SEM = SQRT(4.28)*SQRT(1 – 0.29)

SEM = 2.07 * SQRT(0.71)

SEM = 2.07 * 0.84 = 1.75 or 8.31%

A portion of the average, N – 1, student score Variance (MSrow in the far right column on Table 10 of 4.28 or the SD of 2.07) is used to estimate the SEM. The portion is determined by the test reliability, KR20 (0.29). The SEM for the Nurse124 data (1.75) can also be expressed as 8.31% (Table 10).

The SD for the student score mean (0.799 * 100 = 79.87%) was 9.85% (2.07/21). With a test reliability of only 0.29, the SEM is little better (smaller) than the score SD (SD 9.85% and SEM 8.31%).

Charts 15 and 16 show what the above actually looks like in the normal world. Chart 15 is for a set of data (Nursing124) that is just below the boundary of the 5% level of significance by the ANOVA F test. The F test was 1.31 and the critical value was 1.62. The SEM curve (1.75 or 8.31%) is close to the normal SD of the average test score (2.07 or 9.85%). The SEM is only a 15.63% reduction from the SD.

Chart 16 is for a set of data (Cantrell) that is well above the boundary of the 5% level of significance by the ANOVA F test. The F test was 3.28 with a critical value of 2.04. The SEM curve (1.21 or 8.68%) is much narrower than the normal SD of the average test score (2.55 or 18.19%). The SEM is a 52.55% reduction from the SD.

This makes sense. It follows that the higher the test reliability, the lower (the shorter the range of) the SEM on a normal scale. Do these statistics really mean this? Most psychometricions believe they do.

[Descriptive statistics are used in the classroom on each test. Rarely are specific predictions made. Standardized tests are marketed by their test reliability and SEM. This is the same change IMHO as changing from amateur to professional in sports. It is no longer how you play the game and having fun but winning. Every possible observation is subject to examination.]

I again made use of the process of deleting and restoring one item at a time to take a peek at how these statistics interact. [SEMEngine, Table 10, is hosted free at http://www.nine-patch.com/download/SEMEngine.xlsm and .xls.]

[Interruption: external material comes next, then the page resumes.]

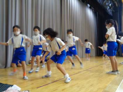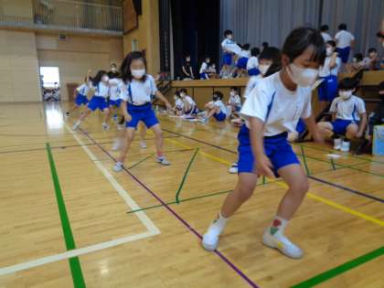 反復横跳びの様子です。2年生も5年生も1回でも記録を伸ばそうと終わりの合図が鳴るまで、懸命に頑張っていました。
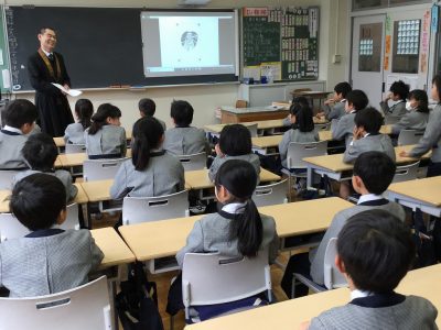 長谷川先生から「知恵のある子・マホサダー」と「500匹の猿の父のお話・サルの橋」の二つのお話を聞かせていただきました。

The SEM (red) is a much more stable statistic than the test reliability (blue dot) across a range of student scores from 55% to 95% (Chart 17). Two scales are involved: a ratio scale of 0 to 1 and a normal scale of right counts. The lowest trace (a ratio) on Chart 17 is inverted (second trace) and then multiplied by the top trace (SDrow in counts) to yield the SEM in counts.

Even more striking than the stability of the SEM (red) are the parallel traces of the student score standard deviation (SDrow, green dot) and the test reliability (KR20, blue dot). This makes sense. When the student scores spread out, the Variance (MSrow) also increases, which increases the test reliability (KR20). I was surprised to see the two so tightly related.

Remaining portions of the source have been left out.